▶ **DIRECTIONS FOR THIS TASK**
From the first line to the last, return the data exactly as it stands.

▶ **EXERCISE DATA**
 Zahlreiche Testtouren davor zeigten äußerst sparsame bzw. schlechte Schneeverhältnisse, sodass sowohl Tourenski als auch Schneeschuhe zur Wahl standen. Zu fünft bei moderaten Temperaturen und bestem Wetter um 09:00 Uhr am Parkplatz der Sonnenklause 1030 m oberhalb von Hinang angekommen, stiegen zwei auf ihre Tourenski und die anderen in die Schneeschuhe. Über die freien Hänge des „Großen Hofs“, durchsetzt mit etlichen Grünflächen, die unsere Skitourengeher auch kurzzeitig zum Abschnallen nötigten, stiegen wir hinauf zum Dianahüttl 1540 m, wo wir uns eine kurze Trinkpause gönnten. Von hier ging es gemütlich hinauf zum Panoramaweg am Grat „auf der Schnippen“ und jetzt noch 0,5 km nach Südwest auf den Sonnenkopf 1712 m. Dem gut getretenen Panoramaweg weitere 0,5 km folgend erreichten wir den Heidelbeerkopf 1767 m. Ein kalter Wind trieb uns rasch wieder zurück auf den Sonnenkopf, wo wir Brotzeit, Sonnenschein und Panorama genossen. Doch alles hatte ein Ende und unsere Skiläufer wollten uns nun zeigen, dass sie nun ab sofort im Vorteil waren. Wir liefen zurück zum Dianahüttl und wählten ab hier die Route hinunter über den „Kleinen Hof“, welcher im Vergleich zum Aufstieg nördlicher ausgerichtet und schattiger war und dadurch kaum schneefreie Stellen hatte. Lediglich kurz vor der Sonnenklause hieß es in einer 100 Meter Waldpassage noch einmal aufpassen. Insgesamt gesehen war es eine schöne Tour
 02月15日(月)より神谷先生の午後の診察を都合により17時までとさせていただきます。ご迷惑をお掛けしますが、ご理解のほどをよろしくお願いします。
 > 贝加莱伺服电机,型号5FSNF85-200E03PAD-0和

▶ **ANSWER TO THE PROBLEM**
 Zahlreiche Testtouren davor zeigten äußerst sparsame bzw. schlechte Schneeverhältnisse, sodass sowohl Tourenski als auch Schneeschuhe zur Wahl standen. Zu fünft bei moderaten Temperaturen und bestem Wetter um 09:00 Uhr am Parkplatz der Sonnenklause 1030 m oberhalb von Hinang angekommen, stiegen zwei auf ihre Tourenski und die anderen in die Schneeschuhe. Über die freien Hänge des „Großen Hofs“, durchsetzt mit etlichen Grünflächen, die unsere Skitourengeher auch kurzzeitig zum Abschnallen nötigten, stiegen wir hinauf zum Dianahüttl 1540 m, wo wir uns eine kurze Trinkpause gönnten. Von hier ging es gemütlich hinauf zum Panoramaweg am Grat „auf der Schnippen“ und jetzt noch 0,5 km nach Südwest auf den Sonnenkopf 1712 m. Dem gut getretenen Panoramaweg weitere 0,5 km folgend erreichten wir den Heidelbeerkopf 1767 m. Ein kalter Wind trieb uns rasch wieder zurück auf den Sonnenkopf, wo wir Brotzeit, Sonnenschein und Panorama genossen. Doch alles hatte ein Ende und unsere Skiläufer wollten uns nun zeigen, dass sie nun ab sofort im Vorteil waren. Wir liefen zurück zum Dianahüttl und wählten ab hier die Route hinunter über den „Kleinen Hof“, welcher im Vergleich zum Aufstieg nördlicher ausgerichtet und schattiger war und dadurch kaum schneefreie Stellen hatte. Lediglich kurz vor der Sonnenklause hieß es in einer 100 Meter Waldpassage noch einmal aufpassen. Insgesamt gesehen war es eine schöne Tour
 02月15日(月)より神谷先生の午後の診察を都合により17時までとさせていただきます。ご迷惑をお掛けしますが、ご理解のほどをよろしくお願いします。
 > 贝加莱伺服电机,型号5FSNF85-200E03PAD-0和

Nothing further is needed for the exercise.